The infrastructure decision behind shipping production AI: Hetzner Germany

Every RogueAI system runs on Hetzner Germany. Not AWS, not GCP. The reason is not ideology — it is unit economics and EU data residency.

The typical SaaS stack — cloud LLM, cloud vector store, cloud everything — burns money fast. A RogueAI application on a Hetzner VPS costs less per month than the equivalent AWS configuration costs per day. Across 20+ applications, that is the difference between a sustainable lab and an unaffordable one.

The architecture is consistent across the portfolio: Docker containers in isolated networks, Caddy as reverse proxy, automated health checks with automatic recovery, models deployed locally via Ollama or whisper.cpp where latency demands it, and no US cloud APIs anywhere in the data path. (For more on the German Mittelstand audit context this serves, see Cybersecurity Consulting Germany.)

There are tradeoffs. No managed Kubernetes. No managed embedding service. You provision Postgres yourself. At small-to-medium scale those constraints are features — they force architectural simplicity.

When hosted LLMs help shipping production AI, and when they do not

The biggest cost variable is the LLM call. Ten dollars per million tokens sounds cheap until a single user burns through millions of tokens in an afternoon.
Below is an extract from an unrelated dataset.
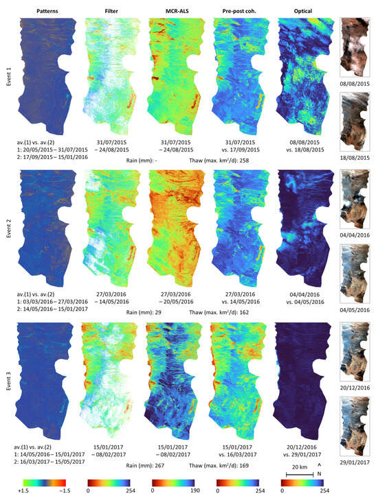 Note that the methods based on the coherence between consecutive SAR images (namely, patterns, filter, and MCR-ALS) are applied to the whole series of rasters, including events and “non-events”. Nevertheless, the previous analysis to identify the occurrence of the events and the duration of the temporal disturbances in the InSAR coherence is necessary as it provides the required input information. The pre–post coherence and the optical methods greatly benefit from such an analysis since it allows us to only work with the relevant dates.

I split RogueAI applications into three classes:

Hosted LLM (Anthropic, OpenAI): for applications where users tolerate higher latency and the value per call is high. Document AI workloads — tax documents, complex contracts — fit here. Quality matters more than cost.
Self-hosted Ollama: for applications where the volume is high and the per-call complexity is low. Voice dictation runs entirely on local models because the user expects sub-second response and the network round-trip itself would break the UX.
Hybrid: for applications where the first 90 percent of the work can be done with a small self-hosted model and only edge cases need a hosted LLM. Meeting copilots fit here — local model handles the bulk of summarisation, hosted LLM handles requests where quality matters most.

The architectural lesson: never commit to a single LLM provider. Build the application so the LLM is a swappable component. I have moved RogueAI applications between hosted and self-hosted more than once, and the cost of doing so depends entirely on whether the abstraction was right from the start.

Cost management is a production AI feature, not a chore

The first time I shipped a RogueAI application without per-user token limits, one misbehaving user generated a bill larger than the customer’s notional monthly subscription. Cost runaway is not a bug — it is a missing feature.

Every RogueAI application now has:

Per-user token budgets per session, per minute, per day
Aggressive caching at the prompt and at the embedding layer
Hard ceilings that fail loudly rather than fail expensively
Real-time cost dashboards that surface anomalies within minutes

This is unglamorous work. It is also what separates a production system from a science fair project. Every prototype that crosses into production grows up on cost discipline before it grows up on anything else.

RAG architecture for shipping production AI: what worked, what did not

Retrieval-augmented generation is the default architecture for AI over documents. CompliBot — 38 endpoints handling thousands of documents — is the largest RAG system in the RogueAI portfolio, and several other systems use lighter-weight RAG patterns. What I learned doing it across compliance documents, tax forms, meeting transcripts, and CRM records:

Chunking matters more than the embedding model. Spending two hours tuning chunk boundaries for a specific document type produces better results than upgrading from a free embedding model to a paid one.
Recency beats recall in most domains. Users would rather get a slightly less precise answer from this week’s document than a perfectly precise answer from a document that has been superseded.
Citations are the product, not a feature. A RAG application that cannot show its sources is not deployable to a regulated industry. Build citation rendering before you build the answer renderer.
Hybrid retrieval (semantic + keyword) wins. Semantic search alone consistently misses exact-match queries that users actually type. Keyword search alone misses paraphrased queries. Together they cover both.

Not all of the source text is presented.